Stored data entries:
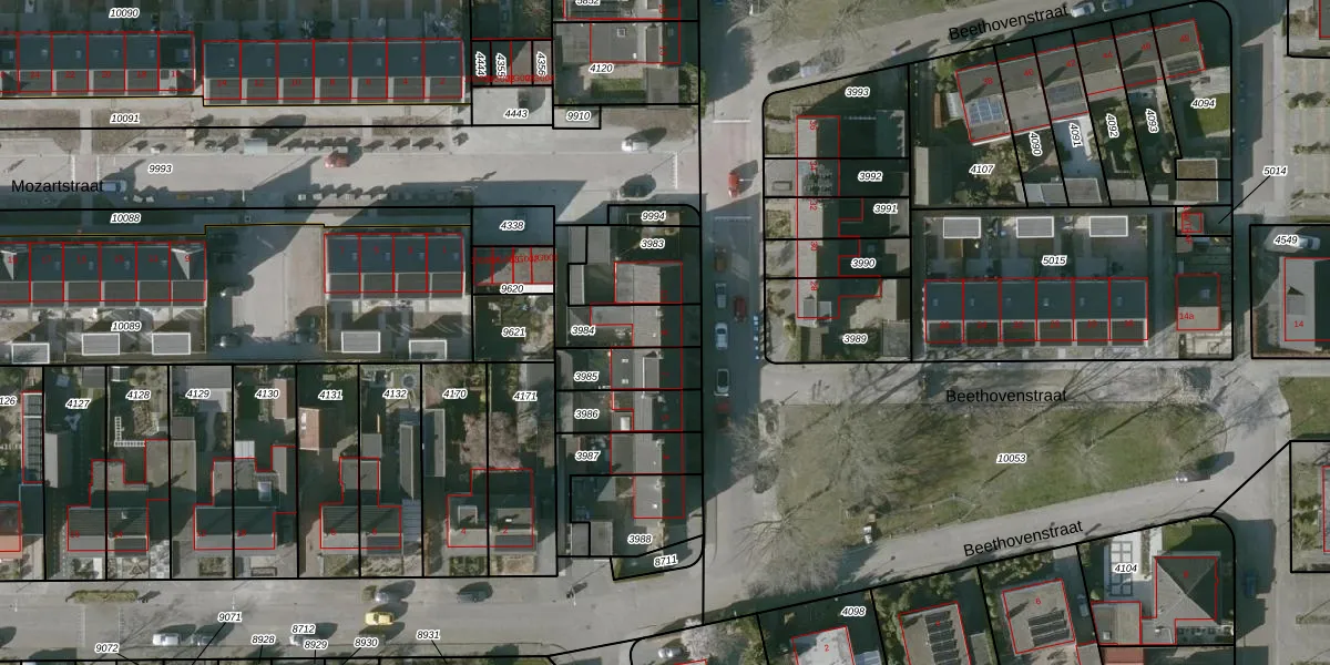 Beethovenstraat 9 is gelegen op kadastraal perceel HSR00C3984. Deze kadastrale aanduiding is uniek en wordt gebruikt door het Kadaster om eigendomsrechten en andere zakelijke rechten vast te leggen. Het perceel maakt onderdeel uit van de kadastrale gemeente Halsteren.
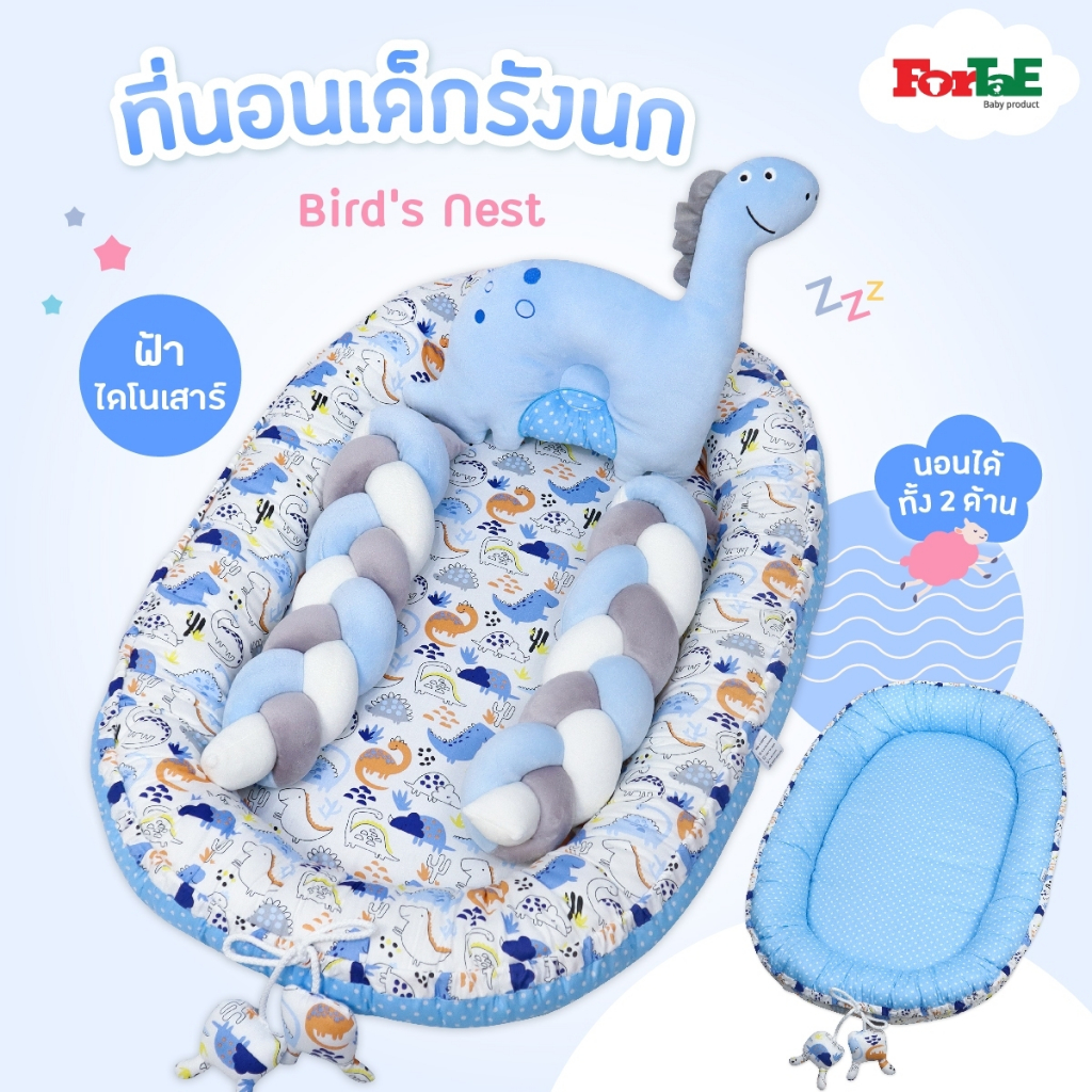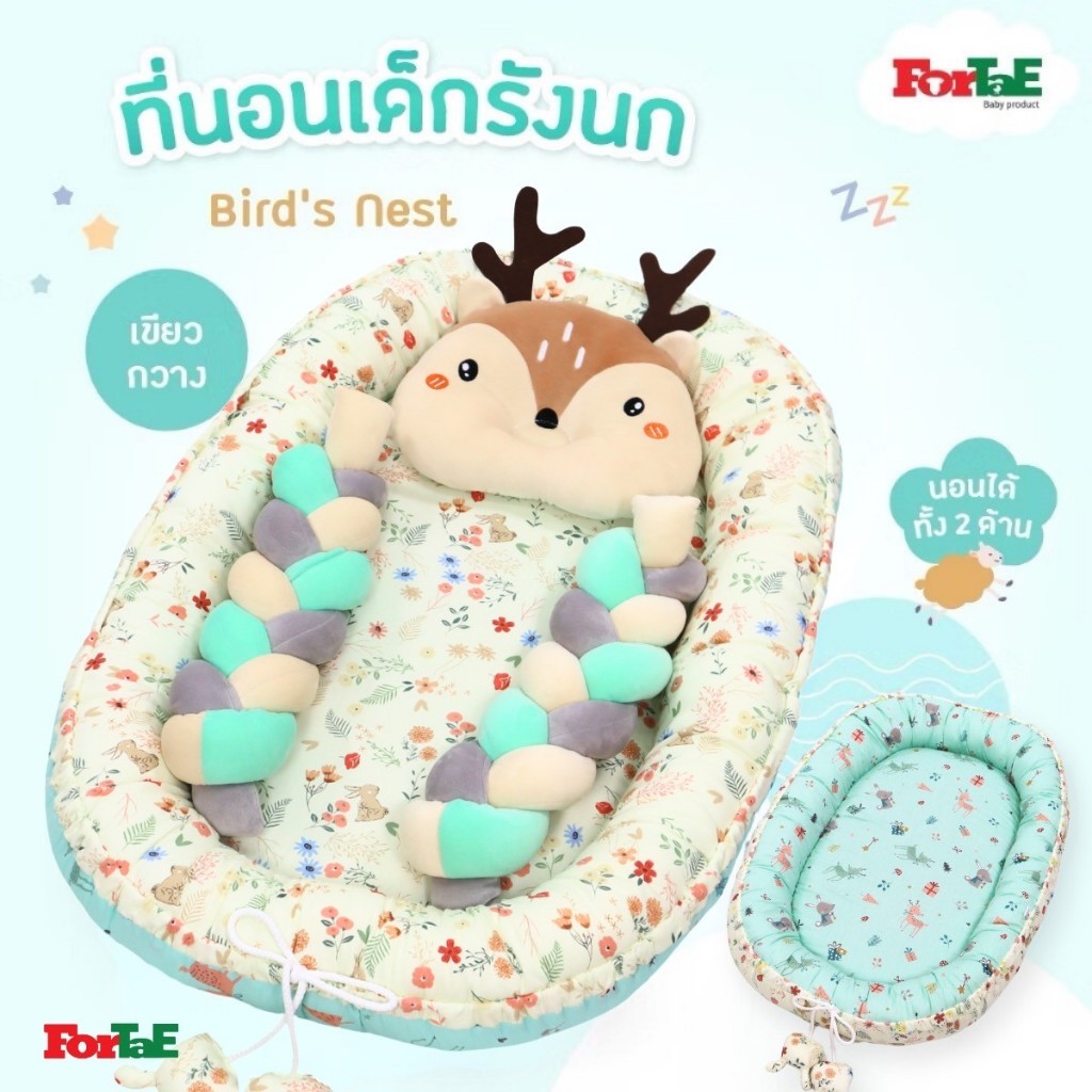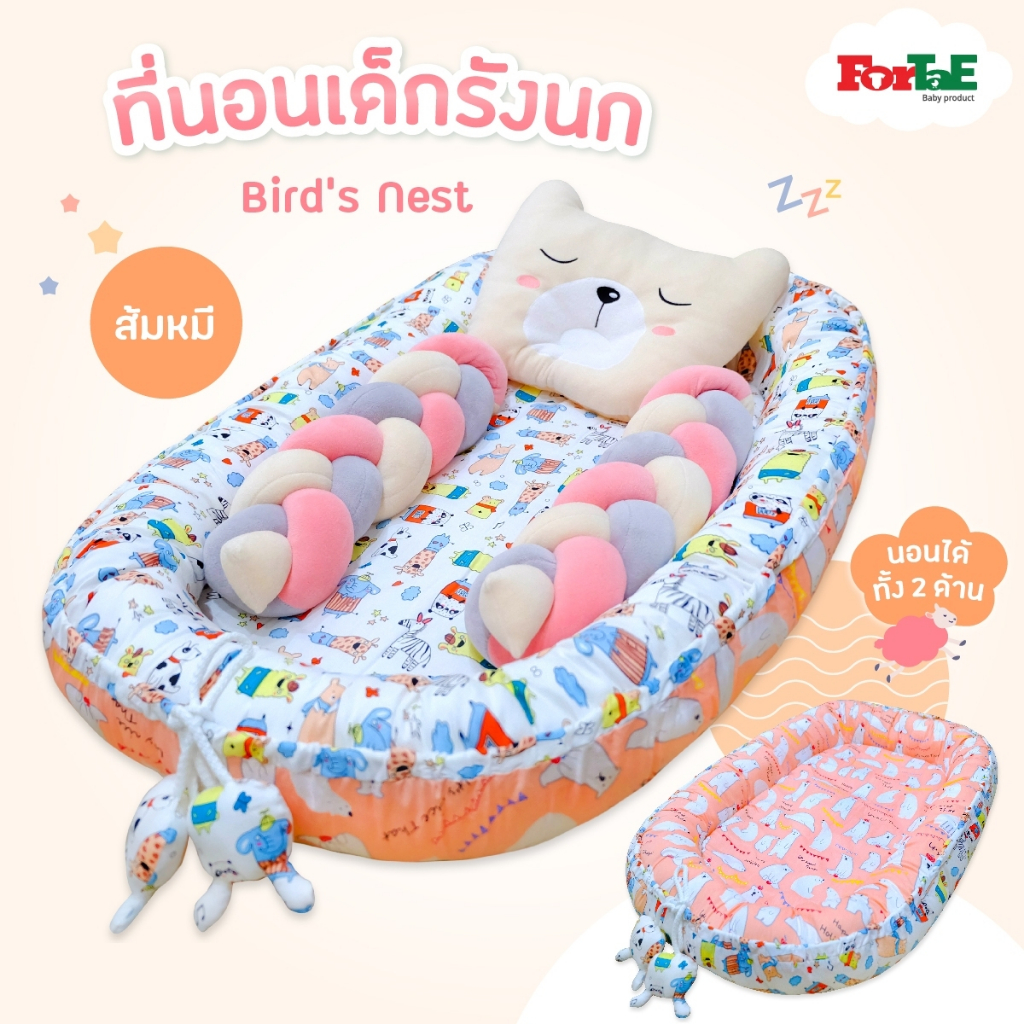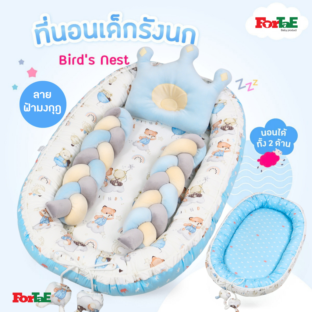 Fortae(ฟอร์เต้) ที่นอนเด็ก รังนกBird's Nest ที่นอนเด็กแรกเกิดมีขอบกันตก ที่นอนเด็กอ่อนนอนได้2ด้าน
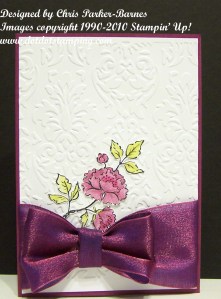 I have used Rich Razzleberry cardstock and Whisper White which I have run through the Big Shot with an embossing folder to create that gorgeous but subtle background. The image is from the Asian Artistry Hostess set from the current mini catalogue, stamped in Stazon ink and then coloured using a blender pen in Kiwi Kiss, Rich Razzlebery with a touch of Melon Mambo. The flower has then been cut out with paper snips and glued on.
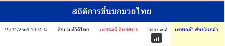 เพชรกล้า ศิษย์ครูกล้า "เพชรกล้า ศิษย์ครูกล้า" ประเทศ 🇹🇭 ไทย ลีก Muay Thai 0 ชนะ 0 แพ้ 0 เสมอ 0 KO/TKO ประวัติและชีวประวัติ สถิติการขึ้นชกมวยไทยเพชรกล้า ศิษย์ครูกล้า
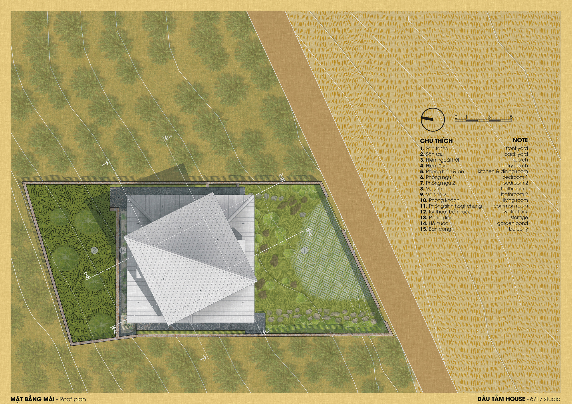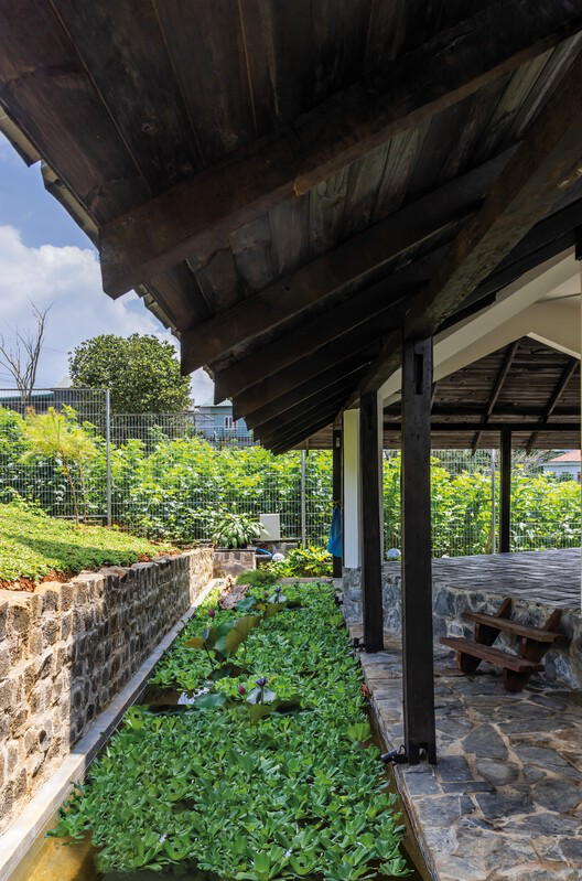 The roof pitch helps rainwater move rapidly and quietly downward, reducing acoustic impact during heavy storms. Gardens placed around the building capture runoff and stabilize soil. By engaging climate rather than resisting it, Dau Tam House behaves like a living organism, adapting and cooperating with environmental rhythms.
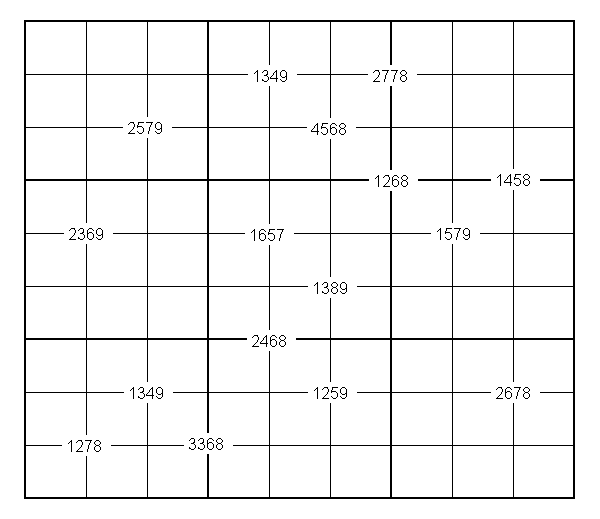 Es gelten die üblichen Sudoku-Regeln. Aber anstelle einzelner Zahlen sind Zahlengruppen vorgegeben:
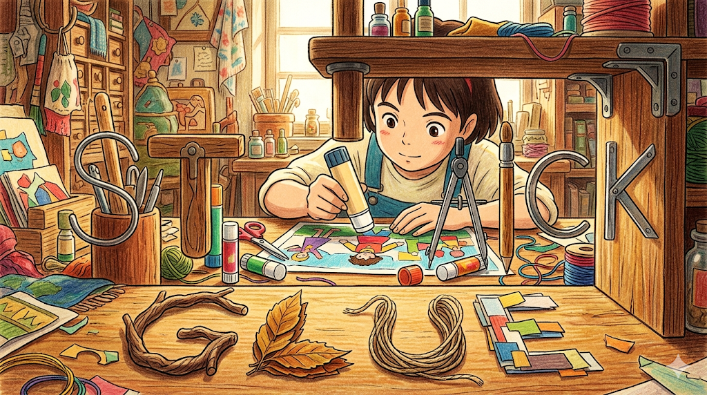 glue stick은 막대 형태로 만들어진 고체 접착제를 가리킵니다. 학교·사무실·공예 맥락에서 자주 등장합니다.
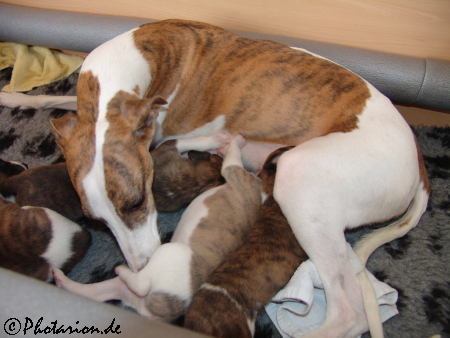 Was auch sehr erfreulich ist, Robin darf nun ins Welpenzimmer und kann sich aufs Bett legen und Kopete leckt ihr dabei die Ohren, „Traute Zweisamkeit mit Sechslingen“. ;-)
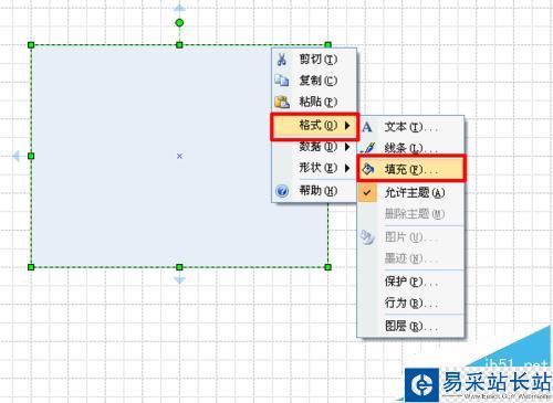 2、點擊選中方框圖形,然后點擊鼠標右鍵,在下拉菜單中,依次選擇“格式”-“填充”,如下圖所示:
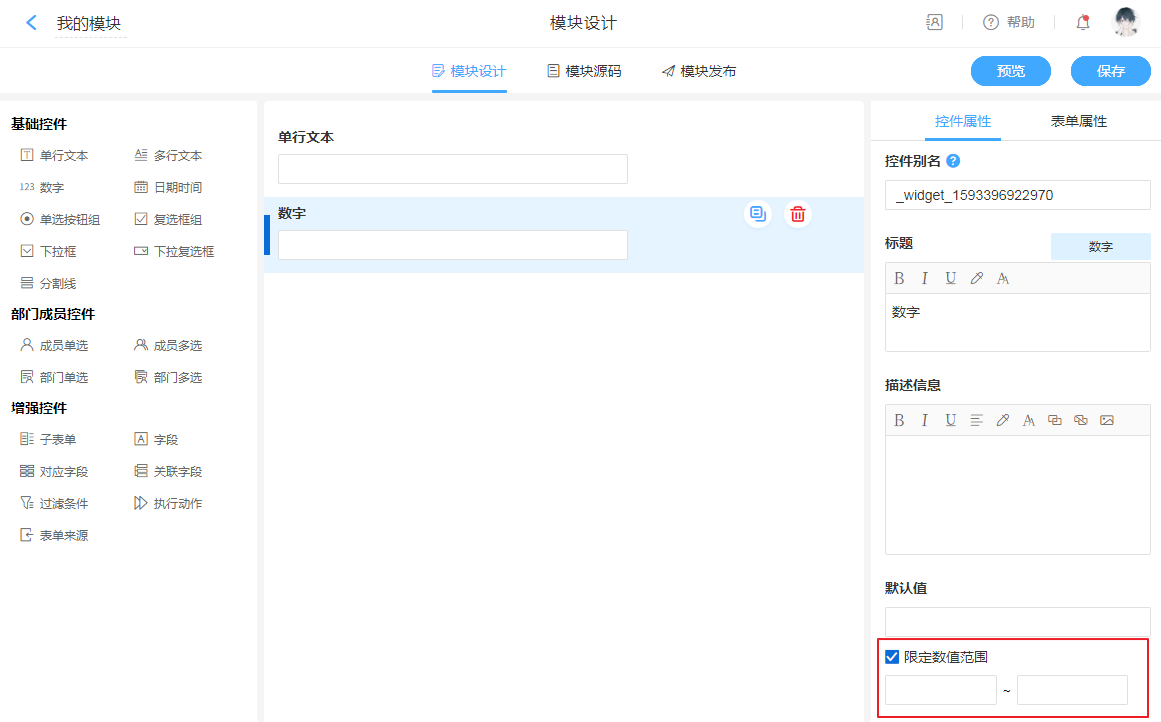 数字字段的字段属性除了新增了【操作权限】外,还可在字段属性区限定数字字段的数值范围,限定后输入的数字只能在此范围内,不在范围内会报错。

What you are asked to do ::
Exact copy, pictures excluded: from the line with "The roof pitch" up to and including the line with "Was auch sehr" in the data above.

Result of the task ::
 The roof pitch helps rainwater move rapidly and quietly downward, reducing acoustic impact during heavy storms. Gardens placed around the building capture runoff and stabilize soil. By engaging climate rather than resisting it, Dau Tam House behaves like a living organism, adapting and cooperating with environmental rhythms.
 Es gelten die üblichen Sudoku-Regeln. Aber anstelle einzelner Zahlen sind Zahlengruppen vorgegeben:
 glue stick은 막대 형태로 만들어진 고체 접착제를 가리킵니다. 학교·사무실·공예 맥락에서 자주 등장합니다.
 Was auch sehr erfreulich ist, Robin darf nun ins Welpenzimmer und kann sich aufs Bett legen und Kopete leckt ihr dabei die Ohren, „Traute Zweisamkeit mit Sechslingen“. ;-)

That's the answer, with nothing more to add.